Children are a special gift from God. Although they are gifts, God holds us responsible for their well-being naturally and spiritually. Society has declared that if you’re a single parent, your child will automatically have problems.
They haven’t looked into many homes with the father and the mother, but the mother is taking the entire responsibility of raising the child as though she was a single parent. The husband is either busy working or just relying on the wife to do all the discipline.
Parenting with two is better and easier than single parenting if the father is playing the role of a father. Single parents shouldn’t be stigmatized because they are single and raise children alone. Many single parent children have turned out better than those raised in a family where the mother and father are present.
Children act out what has been told to them, whether good or bad. Society will make your child feel as though they are a failure before they can get a head-start in life. It’s the responsibility of the parent(s) to teach the child standards, morals, and values. To do this, it will take discipline.
The first impression on a child is the parent, and if the parent doesn’t have discipline, neither will the child because they will do what they see their parents do. Most children are observant, see and watch their parents, and mimic what they see their parents and others do.
As parents, we must instill good habits in our children, such as good hygiene and cleaning up after themselves. Teach them to respect themselves and others. Treat people the way they would like people to treat them. Be mindful of how they interact with others and what they say.
Don’t wait until they become a teenager or a young adult to teach them the value of family. To have a close family, children have to be taught. Children must feel like they are loved and appreciated. Many of our children are being trained to think they aren’t going to be anything and that they’re stupid. Rather than telling them what they aren’t, tell them what they are.
We have to speak life into our children, not death.

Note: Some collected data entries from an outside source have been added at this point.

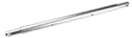
Gövde Pernosu 51 cm ШПЛИНТ КОРПУСА 51 см ТОНКИЙ BODY PIN 51 cm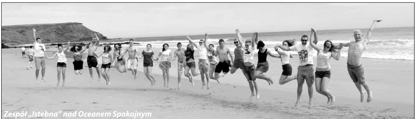
Zespół „Istebna” nad Oceanem Spokojnym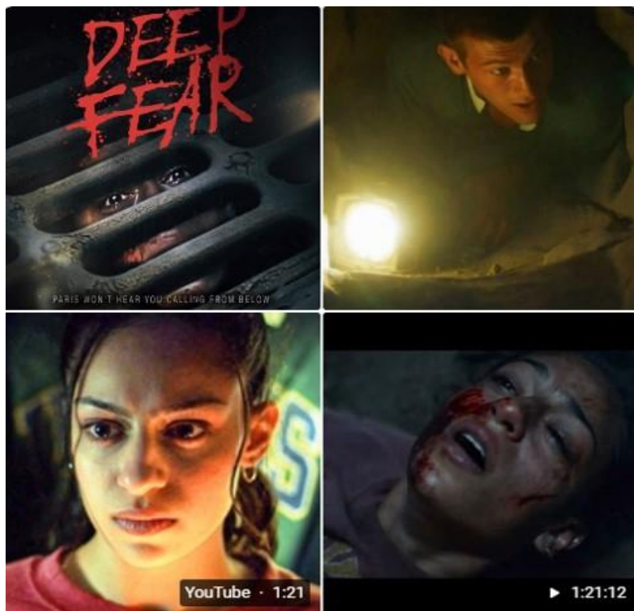
Рис. 11. Реклама фильма «Подземный ужас» в пабликах социальных сетей (Advertisement of the film «Underground Horror» in social networking publics)

Внешность у немецкого офицера невнятная: то ли призрак, то ли под воздействием амфетамина выглядит, как зомби. Но так же выглядит и его зловещая собака.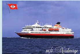
unser schwimmendes Hotel...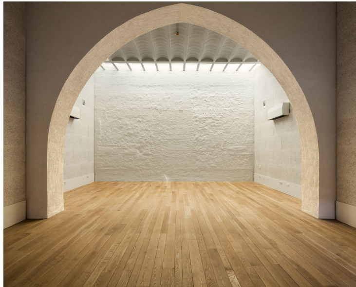
salon de grados

We say death to them and their goals when we tell them what they aren’t. Single mothers sometimes speak against their children because the father left them. The child didn’t have anything to do with the failure of the relationship between the mother and the father.
Our children are trying to find themselves because they don’t have anyone to tell them who they are. Society programs our children’s minds to operate against moral and spiritual principals. It’s the parent’s responsibility to guide them to the morals and spiritual principals. Many children, young men, and women join gangs because they are looking for love and someone to pay attention to them. We must train our children early on what is appropriate and what isn’t.
There was a time our children could watch different programs on television, and we didn’t have to worry about them being taught to rebel against their parents; now, on television, lying is what children do, profanity is ok, un-martial sex is alright as long as you wear a condom, affection towards the same gender is just expressing your inner-self.
As parents, we let society program our children. Too often, we ignore what our children watch on television. We don’t check out their friends or their parents. Sad to say, many children are raised in homes where neither of the parents is Christian. If we train our children in spiritual laws, we wouldn’t have to worry about visiting them in jail and prison because they disobeyed the natural laws.
Whether people believe in God or not, God’s law will never change. The Bible teaches if we don’t discipline our children, we don’t love them. When you love someone, you correct them; you don’t let them continue to do wrong without discipline. If you don’t, life has a hard way of teaching and no mercy or pity.
When we teach our children how to respect themselves and others, we don’t have to worry about them when they become teenagers and young adults because we would have already taught them morals and spiritual laws to abide by.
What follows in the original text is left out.